If Eddie's shop is like mine, the guys that answers the phone, are the guys that do the work. If a call is really necessary, we welcome the call. Most of the time the customer just wants a tweet on every step taken and a running total on his job at the end of each step. An estimate of the job is usually given up front with the understanding that the customer will be notified if we run into something that is going to make the job go over the original estimate.
Most customers think that if they call often enough that the builder will move them to the front of the line but the opposite often happens.
The following is a common scenario and often happens many times a week. Someone comes in with a small job on Monday morning that may only take 30 minutes of time to do the job. We are up to our armpits in work and have many jobs committed to be completed before closing on Friday. We tell the customer if he will leave the item with us we should be able to work it into the schedule and complete it by closing on Friday. We give him an estimate and tell him we will call him as soon as we get it done. The customer has a few related question and a few non-related questions about his job. It took about 10 to 15 minutes to service the customer at this point.
Tuesday morning the customer calls and wants a progress report on his job at this point. We tell him we still have many jobs ahead of him and have not started on it and we will call him as soon as we get it done. "While he has us on the phone" he has some more questions.
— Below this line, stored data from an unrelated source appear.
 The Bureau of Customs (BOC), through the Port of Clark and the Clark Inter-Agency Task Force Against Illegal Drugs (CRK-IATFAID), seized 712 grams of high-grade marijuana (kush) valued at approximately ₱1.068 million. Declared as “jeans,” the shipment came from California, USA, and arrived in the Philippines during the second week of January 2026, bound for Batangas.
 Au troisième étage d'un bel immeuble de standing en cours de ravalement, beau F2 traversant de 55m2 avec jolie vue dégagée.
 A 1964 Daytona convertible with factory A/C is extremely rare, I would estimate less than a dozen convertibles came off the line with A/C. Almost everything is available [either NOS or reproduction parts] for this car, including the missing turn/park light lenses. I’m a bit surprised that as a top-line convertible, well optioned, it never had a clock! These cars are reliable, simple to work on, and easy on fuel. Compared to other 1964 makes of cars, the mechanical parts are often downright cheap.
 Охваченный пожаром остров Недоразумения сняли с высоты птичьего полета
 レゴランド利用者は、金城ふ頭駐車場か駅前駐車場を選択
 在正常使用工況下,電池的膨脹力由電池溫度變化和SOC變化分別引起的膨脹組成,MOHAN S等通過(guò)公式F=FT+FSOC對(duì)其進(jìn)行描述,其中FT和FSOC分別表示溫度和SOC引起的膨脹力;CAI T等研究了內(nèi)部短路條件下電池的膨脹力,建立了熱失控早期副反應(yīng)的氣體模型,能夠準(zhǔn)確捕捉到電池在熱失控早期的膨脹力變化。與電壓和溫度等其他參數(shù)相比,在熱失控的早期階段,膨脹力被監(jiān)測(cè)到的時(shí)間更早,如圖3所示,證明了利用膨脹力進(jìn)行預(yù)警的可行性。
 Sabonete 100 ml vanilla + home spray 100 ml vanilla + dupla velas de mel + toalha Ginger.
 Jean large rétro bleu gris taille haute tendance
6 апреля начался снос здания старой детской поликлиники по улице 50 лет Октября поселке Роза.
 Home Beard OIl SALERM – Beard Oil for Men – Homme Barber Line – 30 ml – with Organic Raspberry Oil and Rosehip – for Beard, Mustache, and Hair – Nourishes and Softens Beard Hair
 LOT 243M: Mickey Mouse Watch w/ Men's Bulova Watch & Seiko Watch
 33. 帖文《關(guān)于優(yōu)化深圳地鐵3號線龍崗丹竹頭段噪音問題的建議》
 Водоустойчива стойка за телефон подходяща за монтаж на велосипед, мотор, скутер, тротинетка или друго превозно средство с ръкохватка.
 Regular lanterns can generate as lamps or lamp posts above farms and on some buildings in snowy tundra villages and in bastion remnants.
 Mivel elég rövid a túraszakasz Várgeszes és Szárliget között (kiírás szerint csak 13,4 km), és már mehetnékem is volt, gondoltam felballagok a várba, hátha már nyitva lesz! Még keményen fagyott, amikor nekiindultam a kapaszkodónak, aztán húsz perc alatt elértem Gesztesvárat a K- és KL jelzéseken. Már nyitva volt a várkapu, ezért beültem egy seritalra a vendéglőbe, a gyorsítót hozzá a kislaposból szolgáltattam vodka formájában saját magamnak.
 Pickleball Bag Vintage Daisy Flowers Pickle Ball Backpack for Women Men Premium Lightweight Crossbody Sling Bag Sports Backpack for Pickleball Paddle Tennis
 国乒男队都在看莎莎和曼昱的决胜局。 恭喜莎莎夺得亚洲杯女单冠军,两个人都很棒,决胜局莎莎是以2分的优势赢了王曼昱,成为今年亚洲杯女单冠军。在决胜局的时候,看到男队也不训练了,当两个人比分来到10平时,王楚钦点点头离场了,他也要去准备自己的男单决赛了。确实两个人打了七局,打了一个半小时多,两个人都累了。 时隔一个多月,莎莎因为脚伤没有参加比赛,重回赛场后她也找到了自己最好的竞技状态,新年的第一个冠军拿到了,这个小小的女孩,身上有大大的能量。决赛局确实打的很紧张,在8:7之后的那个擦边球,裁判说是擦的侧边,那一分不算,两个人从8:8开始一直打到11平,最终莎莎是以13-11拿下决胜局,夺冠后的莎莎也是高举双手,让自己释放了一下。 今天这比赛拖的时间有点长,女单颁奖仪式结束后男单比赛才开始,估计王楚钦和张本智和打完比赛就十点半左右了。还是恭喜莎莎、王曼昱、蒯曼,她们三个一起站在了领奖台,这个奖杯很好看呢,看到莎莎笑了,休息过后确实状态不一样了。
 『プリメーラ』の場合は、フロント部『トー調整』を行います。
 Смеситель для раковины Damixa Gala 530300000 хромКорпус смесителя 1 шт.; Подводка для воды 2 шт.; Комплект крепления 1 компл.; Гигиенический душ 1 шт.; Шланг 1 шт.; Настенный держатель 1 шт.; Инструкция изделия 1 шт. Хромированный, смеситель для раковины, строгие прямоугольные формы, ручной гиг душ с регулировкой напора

We really need to get back to work or we are not going to be able to get everything done by the times promised, but we try to be courteous and we take the time and answer his questions. This call wastes another 10 to 15 minutes.
By Thursday the customer is getting worried that we are not going to get his job done by closing on Friday. He calls again Thursday afternoon using the excuse that he has been gone or his new phone has been acting up and may have missed our call. We go over most of the same stuff that we have previously gone over. Another 10 to 15 minutes is wasted. Our schedule is still tight because we have had too many unnecessary phone calls similar to his so we come in early the next morning so that we have time to do his job. We get his job done before 5 pm and call him. He arrives, and we bill him at the standard shop rate for the 30 minutes it took to do his job.
The customer is happy with the work and the price we charged but I wish I had not taken on the job. I charged the customer for 30 minutes at shop rate. I lost over 30 minutes of my time taking unnecessary phone calls which I needed to be used to complete jobs I was working on plus I had to pay overtime to one of my guys to get his job completed by the promised time. I would have made more money and had a lot less stress if I told him to pick up his item and take it somewhere else when he called Tuesday morning for a status report.
Customers like the one described above are what keeps most engine builders and related service type businesses from meeting their projected completion dates.
Again we welcome your calls but be considerate of the time we take and what it cost us to stop the job we are working on and answer the call. I have never had to leave a message for Eddie to call me back. He knows when our name pops up on his caller ID, I am going to be concise, to the point and the call will not waste his time but will make him money.